**AVAILABLE RECORDS:**
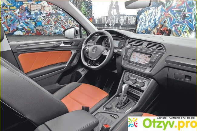 Салон тигуана этой модели выглядит очень прилично, благодаря кожаной отделке, алюминиевым вставкам и контрасту цветов. Когда вы нажмете кнопку старт, неожиданно ощутите премиальность этой модели тигуана. Она раскроет перед вами возможности нового большого цифрового, компьютеризированного щитка приборов. Как в новейших молях мерседеса или вольво. Кроме этого имеется проэкция на лобовое стекло и большая мультимедийная система с навигацией и другими различными функциями. Эти новшества дают ощущения того, что вы находитесь в инновационном автомобиле. Тигуан имеет очень много встроенных систем, которые требуют аналоговых приборов, благодаря чему и появился такой красивый и модифицированный щиток. Который работает, выглядит и устроен по принципу планшета или смартфона. Ещё один важный момент в устройстве тигуана второго поколения это камера с обзором на 360 градусов. С её помощью вы сможете проехать, не повредив машину, и в самых узких местах. Самая впечатляющая функция камеры, это возможность вращать обзор автомобиля на 360 градусов, что даёт возможность осматривать пространство вокруг машины. На двери имеется специальная накладка, которая полностью закрывает порог от грязи. Благодаря чему, выходя из машины вы не испачкаете свою одежду, задевая порог. Для задних сидений, которые при желании можно сложить, в салоне отведено значительно больше места.
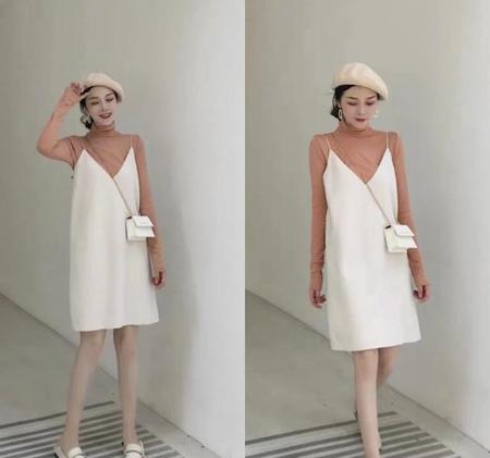 偏爱成熟风的小仙女们可以参考这套搭配哦。简单的白色吊带连衣裙内搭一件浅粉色的高领打底衫,简约又大气,舒适大方。
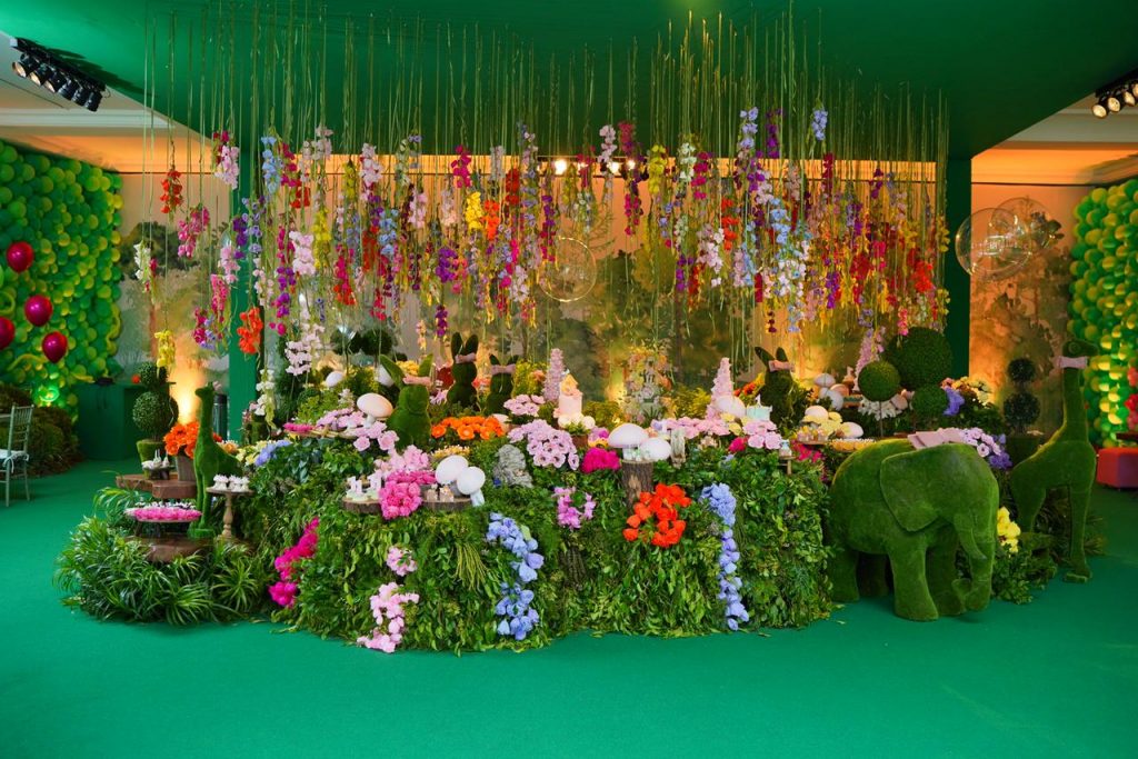 O casal de empresários Thiago Araújo e Luana Sarkis comemorou em grande estilo a chegada do primeiro ano da filha Tarsila. Uma floresta encantada com flores, plantas e animais como girafa e elefante foi materializada nos jardins do espaço de eventos Recanto das Águas, no Park Way, pelas mãos da decoradora Valéria Leão Bittar para celebrar a data.
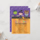 Purple stars pattern on the top background, orange stripes on the bottom and a Frankenstein, witch and werewolf characters illustrate this cool Halloween party invitation. It reads "you're invited to a Halloween costume party".
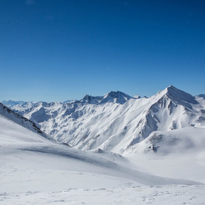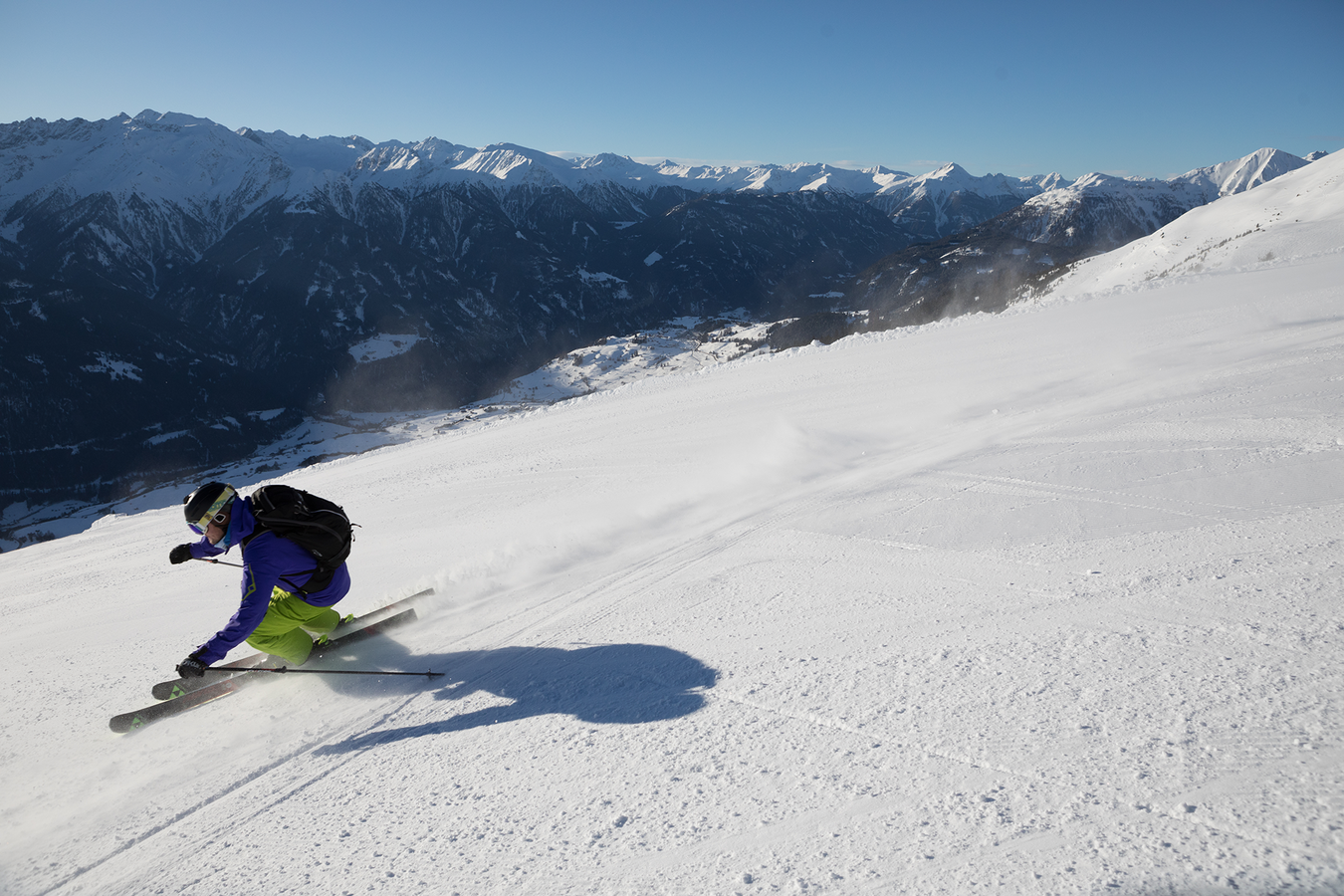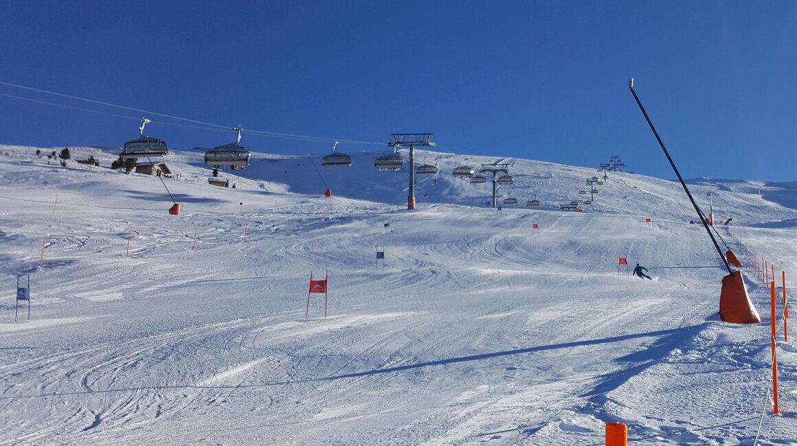 Die Abfahrt lässt das Herz eines jeden Skifahrers höher schlagen, denn es erwartet einen nicht nur eine lange und breite Piste, sondern auch ein imposantes Bergpanorama!
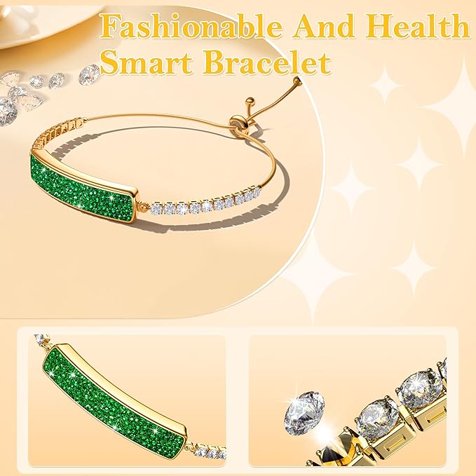 - 【Luxurious Design & Lightweight Comfort】 This lightweight smart bracelet for women blends luxury with retro aesthetics. Adorned with sparkling colored stones, weighing only 11g with an ergonomic curved shape for a second-skin fit—perfect for all-day wear at work, exercise, or sleep. Includes interchangeable straps for versatile styling.
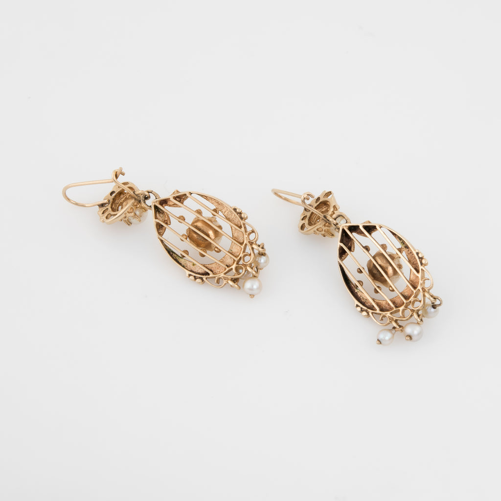 Vintage Drop Earrings Cultured Pearls Enamel 14k Yellow Gold Estate Jewelry
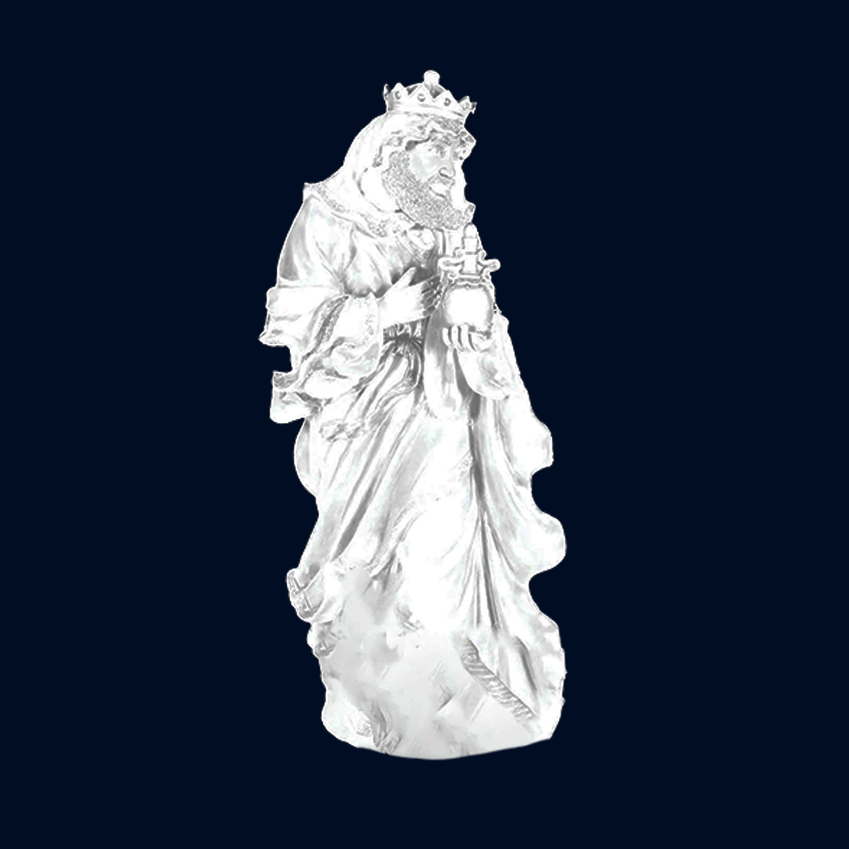 The perfect addition to a Nativity scene, this life-size King Melchior is 48" x 36" x 31 inch and weighs 92 lbs. Made of fiberglass and painted. Well-suited for shopping malls, big box stores, window displays, hotel lobbies, event centers, city parks, courtyards, thoroughfares, churches, commercial Christmas displays, and residential displays.
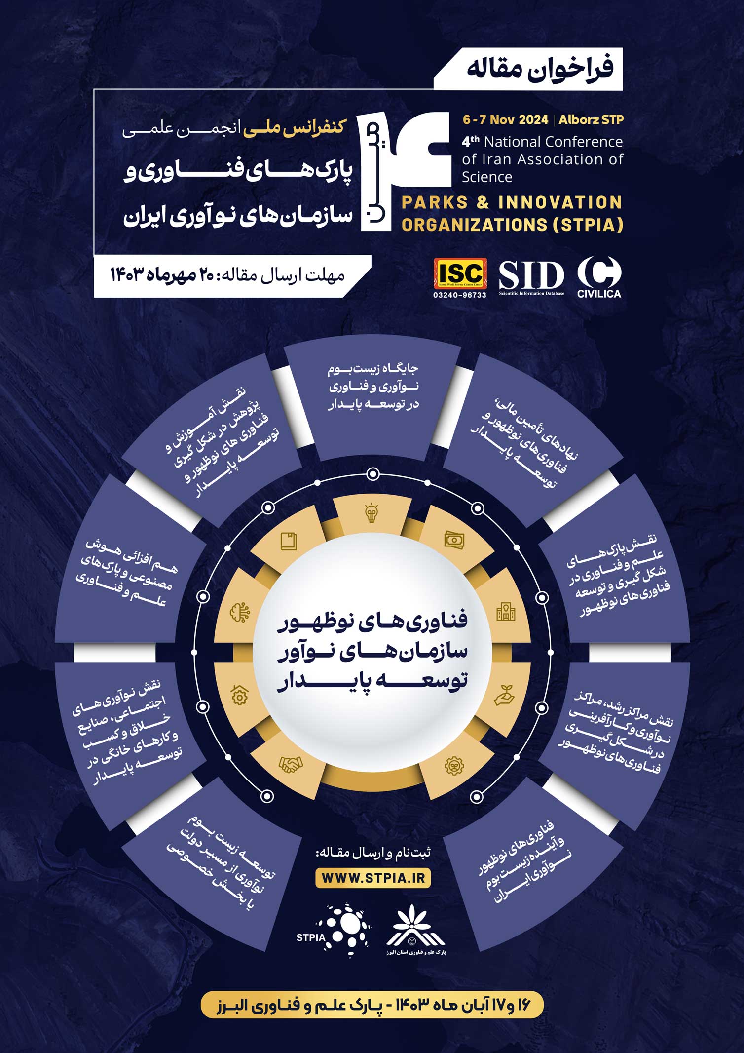 محورهای "چهارمین کنفرانس ملی انجمن علمی پارک های فناوری و سازمان های نوآوری ایران - فناوریهای نوظهور، سازمانهای نوآور، توسعه پایدار"
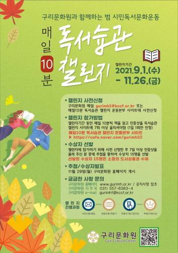 경기 구리시(시장 안승남)는 11월 26일까지 구리문화원(원장 안영기) 주관으로 '매일 10분 독서습관 챌린지'운동을 실시한다.
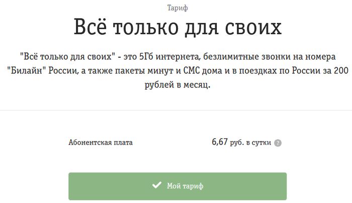 И так тариф оказался "Все только для своих"

**ABOUT THIS EXERCISE:** Omit the pictures. Print, word for word, the lines from the beginning of the entries above through the line that holds "Die Abfahrt lässt".

**TASK RESPONSE:**
 Салон тигуана этой модели выглядит очень прилично, благодаря кожаной отделке, алюминиевым вставкам и контрасту цветов. Когда вы нажмете кнопку старт, неожиданно ощутите премиальность этой модели тигуана. Она раскроет перед вами возможности нового большого цифрового, компьютеризированного щитка приборов. Как в новейших молях мерседеса или вольво. Кроме этого имеется проэкция на лобовое стекло и большая мультимедийная система с навигацией и другими различными функциями. Эти новшества дают ощущения того, что вы находитесь в инновационном автомобиле. Тигуан имеет очень много встроенных систем, которые требуют аналоговых приборов, благодаря чему и появился такой красивый и модифицированный щиток. Который работает, выглядит и устроен по принципу планшета или смартфона. Ещё один важный момент в устройстве тигуана второго поколения это камера с обзором на 360 градусов. С её помощью вы сможете проехать, не повредив машину, и в самых узких местах. Самая впечатляющая функция камеры, это возможность вращать обзор автомобиля на 360 градусов, что даёт возможность осматривать пространство вокруг машины. На двери имеется специальная накладка, которая полностью закрывает порог от грязи. Благодаря чему, выходя из машины вы не испачкаете свою одежду, задевая порог. Для задних сидений, которые при желании можно сложить, в салоне отведено значительно больше места.
 偏爱成熟风的小仙女们可以参考这套搭配哦。简单的白色吊带连衣裙内搭一件浅粉色的高领打底衫,简约又大气,舒适大方。
 O casal de empresários Thiago Araújo e Luana Sarkis comemorou em grande estilo a chegada do primeiro ano da filha Tarsila. Uma floresta encantada com flores, plantas e animais como girafa e elefante foi materializada nos jardins do espaço de eventos Recanto das Águas, no Park Way, pelas mãos da decoradora Valéria Leão Bittar para celebrar a data.
 Purple stars pattern on the top background, orange stripes on the bottom and a Frankenstein, witch and werewolf characters illustrate this cool Halloween party invitation. It reads "you're invited to a Halloween costume party".
 Die Abfahrt lässt das Herz eines jeden Skifahrers höher schlagen, denn es erwartet einen nicht nur eine lange und breite Piste, sondern auch ein imposantes Bergpanorama!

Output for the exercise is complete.